To further investigate the interactions between zebrafish BIRC2 and p53, we next conducted subcellular localization studies using transient-expression vectors to express p53-GFP and BIRC2-FLAG. Expression of the fusion proteins from these plasmids in transfected EPC cells has been confirmed by Western blotting ( Figure 6 ). In control experiments, pTurboGFP fluorescence was observed over the cytoplasm and the nucleus of infected cells. p53-GFP only had a weak signal observed in the cytoplasm and the nucleus of infected cells in the absence of zebrafish BIRC2, but the obviously enhanced fluorescence signal for p53-GFP was observed in the cytoplasm of infected cells in the case of zebrafish BIRC2. Fluorescence associated with BIRC2-FLAG (Red) was only detected in the cytoplasm of infected cells. Furthermore, the merged image confirmed that zebrafish BIRC2 colocalized with p53 in the cytoplasm of infected cells, which was indicated by yellow fluorescence ( Figure 7A ).

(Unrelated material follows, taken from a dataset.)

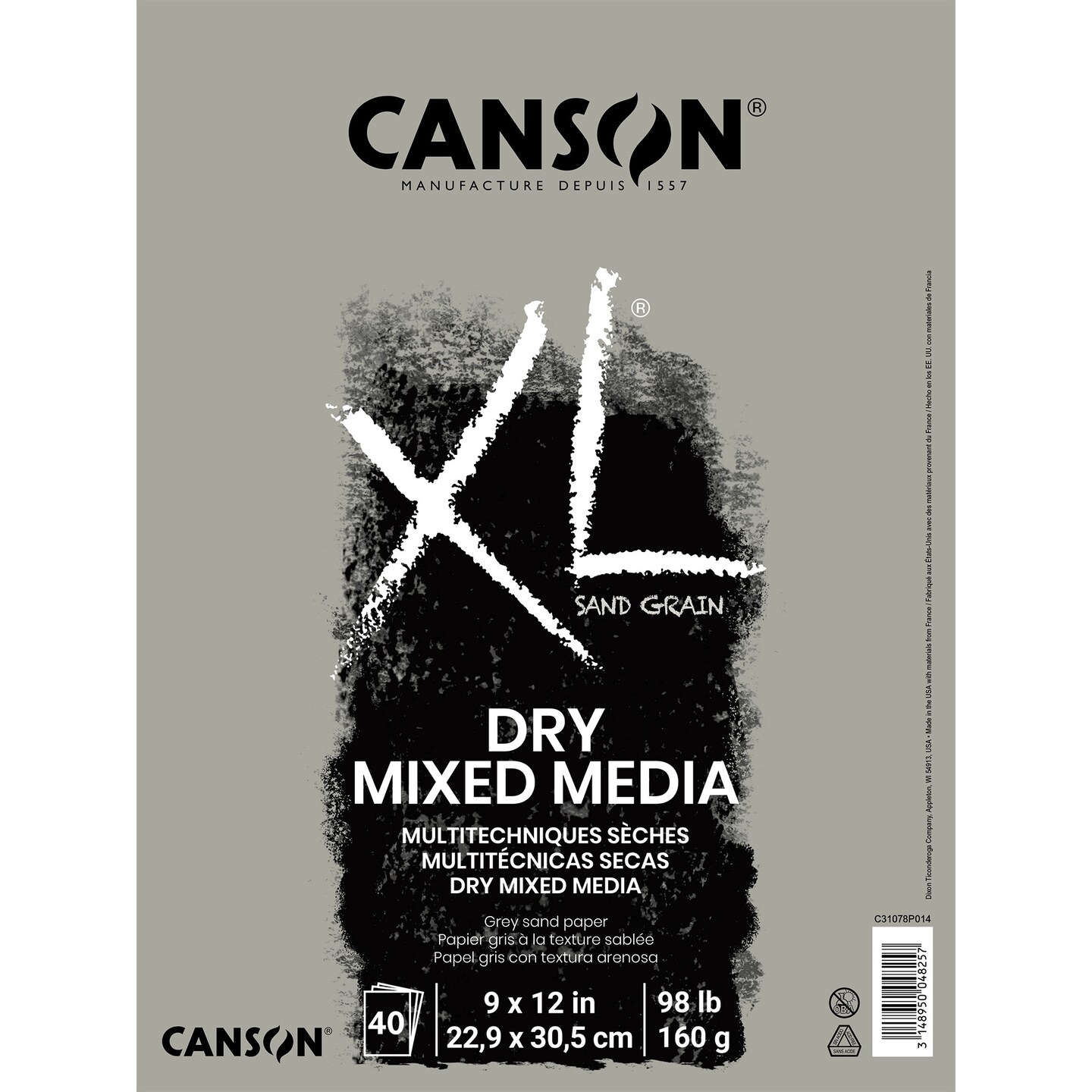 Canson XL Sand Grain Dry Mixed Media Pad Grey 9"X12"-Fold Over, 40 Sheets

Co-IP assays were next performed to further confirm the interaction between zebrafish BIRC2 and p53. Anti-FLAG-conjugated agarose beads were used to precipitate FLAG-containing protein complex from EPC cells. No band of p53-GFP was observed in Lane 2 (using anti-GFP antibody for IP product), which suggested that FLAG protein failed to interact with p53. However, immunoblotting analysis of anti-FLAG immunoprecipitate with an anti-GFP antibody (Lane 3) showed that the association of zebrafish BIRC2 with p53 was readily detected ( Figure 7B ).

Since zebrafish BIRC2 was found to accumulate p53 both in the cytoplasm and the nucleus, we would like to investigate whether the induction of the cytoplasmic and nuclear p53 by zebrafish BIRC2 were required for the negative regulation of zebrafish BIRC2 on the E. piscicida infection. Pifithrin-μ is a cytoplasmic p53 inhibitor, which can inhibits p53 binding to mitochondria (22), however pifithrin-α is widely used as a specific inhibitor of p53 transcription activity by acting at a stage after p53 translocation to the nucleus (23, 24). Here, the p53 inactivators pifithrin-μ and pifithrin-α were used to inhibit the cytoplasmic and nuclear p53, respectively. Although treatment of pifithrin-μ inhibited the proliferation of E. piscicida in zebrafish larvae ( Figure 8A ), no significant differences were observed for the survival rates of zebrafish larvae overexpressed with the FLAG empty plasmid between these two groups without or with the pifithrin-μ treatment ( Figure 8B ). However, pifithrin-μ treatment significantly inhibited the proliferation of E. piscicida in zebrafish larvae, and completely blocked the zebrafish BIRC2-mediated bacterial proliferation at 24 hpi, when compared with zebrafish larvae overexpressed with the FLAG empty plasmid or BIRC2-FLAG in the absence of pifithrin-μ treatment ( Figure 8A ). Furthermore, pifithrin-μ treatment completely rescued larval survival for zebrafish microinjected with BIRC2 in the case of E. piscicida infection ( Figure 8B ). Similar results were observed for pifithrin-α treatment ( Figures 8C, D ).